Отчего там, в селе, так часто — подойдешь к человеку, а он прежде слов тебе улыбнется? Там странные бывают улыбки… Человеку оторвало на молотилке пальцы, а он зажал руку в шапку, идет в больницу и улыбается. А я даже смотреть не мог, словно смотреть больнее, чем так улыбаться… Отчего они ломают ракиты у дорог и потом зимой в метель сбиваются с пути и гибнут? Отчего сосед пришел ко мне за советом, когда у его лошади лопнуло копыто? Ветеринар в полуверсте, я не ветеринар, отчего он пришел ко мне? Отчего мне было так стыдно, когда я не мог ничего ему сказать? Я, который так много знаю о грушах в Германии, о зеленых ставнях…
Клубы пыли поднимаются из-под копыт и медленно уплывают в сторону. Кто спорит во мне и о чем? Я видел ясное небо, заросшие бурьяном пустыри у нищенских домов, прекрасную землю до края неба, — не песок, не серые камни, прекрасную черную землю, — и на этой земле полунищих людей. Я видел детей, покрытых коростой грязи, одетых в рваные тряпки, которыми у нас даже пыли вытирать бы не стали, — а кругом все огороды были полны конопли, сундуки замашным холстом и в пруде воды, сколько хочешь… Я слышал, как мужики, когда я прочел им из газеты первые вести о голоде в соседней губернии, прежде всего обрадовались, что цена на рожь будет высокая… Отчего все это? В редакциях толстых журналов, конечно, знают, и я когда-то в городе знал, но сейчас забыл.

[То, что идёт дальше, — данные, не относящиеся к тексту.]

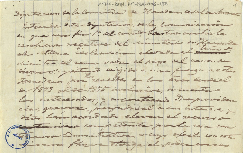 Borrador de un oficio de la Comunidad de Herederos de las salinas de Añana, dirigido al Administrador Económico de la provincia de Álava, informándole de que dicha Comunidad iba a elevar un recurso contencioso administrativo, contra la negativa a condonar el importe del Diezmo Señor y Situado de los años 1872 a 1875, el cual había sido abonado por la fuerza a las tropas carlistas
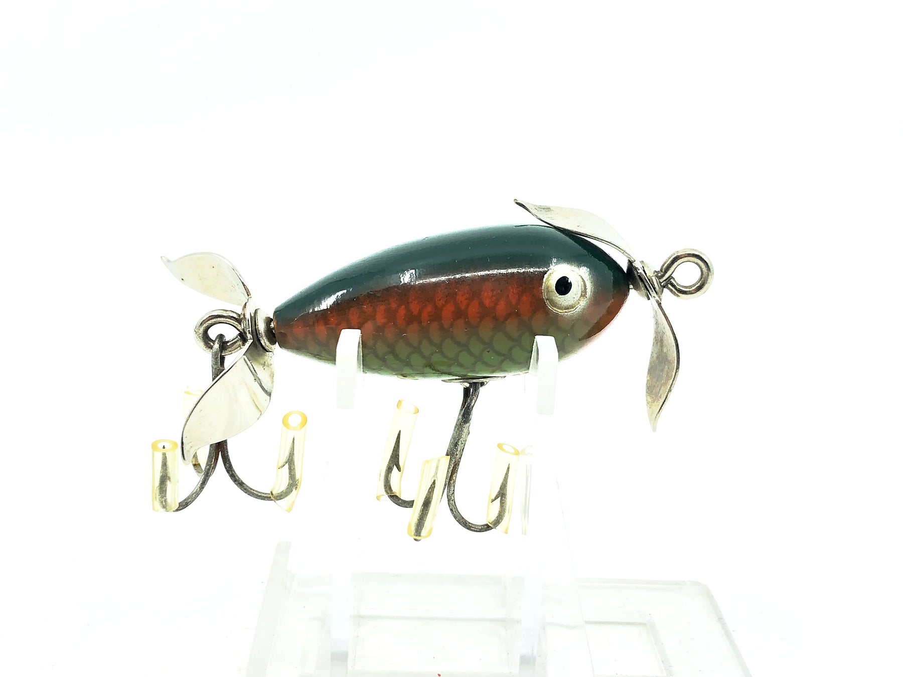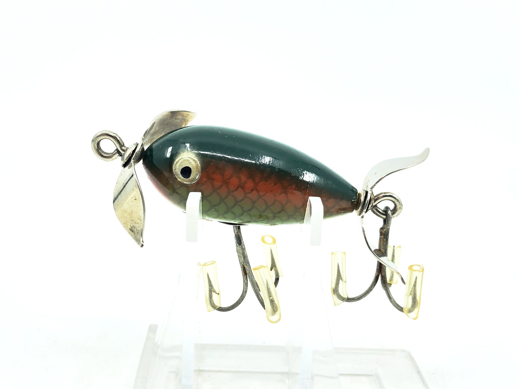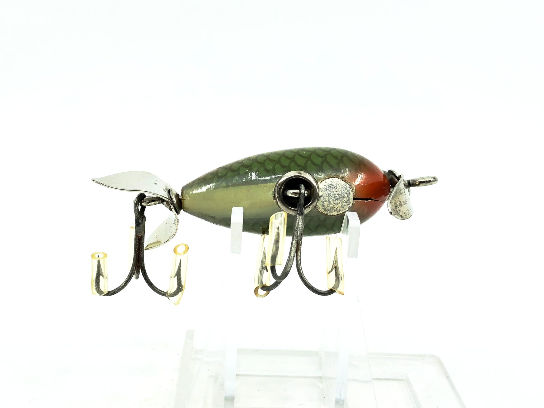Shakespeare Midget Spinner, Black Back/Red/Green Scale Color. Hard to find this lure in such good condition. About 2" long body. This lure is used with some very minor wear but in good condition, see photos. Fish or collect.

Хочу вспомнить, но поля не отпускают. Пустые, безлюдные, ни хлебов, ни трав, — они плавно уходят к небу и наполняют сознание силой и строгою ясностью. Оголенная земля еще свежее, еще просторнее, чем летом. Ветер свистит, полынь гнется. Отчего не сорвет меня с тарантаса и не понесет по пустым полям, как клок соломы? Выдул бы из души все, что набилось в нее со всех сторон, — все чужое, безголовое, дикое, чего не понять, а поймешь — все равно не поможешь. Нет, здесь ничего не вспомнишь… Пустые поля, ветер и небо так свободны, что ни за что не поверишь, ни за что не поверишь, что те, кто с ними всю жизнь, так бедны и беспомощны…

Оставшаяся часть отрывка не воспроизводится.